À mesure que la première ère progressait, les dieux continuaient d'observer le déroulement de la vie sur terre. Ils reconnaissaient la nécessité de maintenir l'équilibre, car les forces de la nature étaient entrelacées avec les actions de l'humanité. Les rituels devenaient plus complexes, reflétant l'évolution de la relation entre les dieux et leurs créations. Les premiers humains commençaient à établir des communautés, développant des coutumes et des traditions qui honoraient leurs créateurs divins, solidifiant ainsi leur place au sein de l'ordre cosmique.

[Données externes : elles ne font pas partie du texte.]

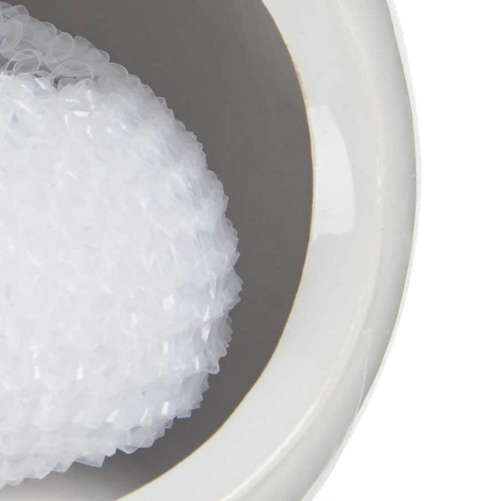 La cerámica blanca es resistente y duradera, fácil de limpiar y mantener, lo que garantiza que tu estropajero siempre luzca impecable. Además, su diseño abierto permite una ventilación adecuada, ayudando a mantener los estropajos secos y libres de malos olores.

Les Mayas comprenaient que ces rituels étaient essentiels pour maintenir la faveur des dieux, assurant l'harmonie entre les royaumes terrestre et divin.

Pourtant, l'harmonie de cette ère serait bientôt mise à l'épreuve. Les gens en bois, créés lors de l'acte de création précédent, erraient sur terre, leur existence creuse rappelant la déception des dieux. Ces êtres, dépourvus d'esprit et d'émotion, représentaient les conséquences d'une création sans but. Alors que les dieux délibéraient sur le sort de ces êtres, ils comprenaient que leurs actions auraient des conséquences de grande portée. Le récit se dirige vers une perturbation imminente, alors que les dieux se préparaient à aborder les échecs de leurs créations et la nécessité d'une transformation profonde. Cette prémonition de changement s'aligne avec des schémas mythologiques plus larges observés dans diverses cultures, où l'état initial d'harmonie est souvent perturbé, menant à un cycle de renouveau et de renaissance.

Ainsi, la première ère se dresse comme un témoignage de l'intention divine derrière la création, une époque où l'humanité était encore étroitement alignée avec les dieux. Les leçons apprises durant cette période façonneraient le cours des événements futurs, menant à la grande perturbation qui attendait le monde. Le système de croyance maya soulignait que l'existence n'était pas statique mais plutôt un jeu dynamique de forces, où les actions des dieux et de l'humanité étaient inextricablement liées dans un cycle continu de création, de destruction et de renouveau. La première ère, par conséquent, sert de récit fondamental, illustrant les complexités de l'existence et la quête continue de compréhension au sein de la vision du monde maya.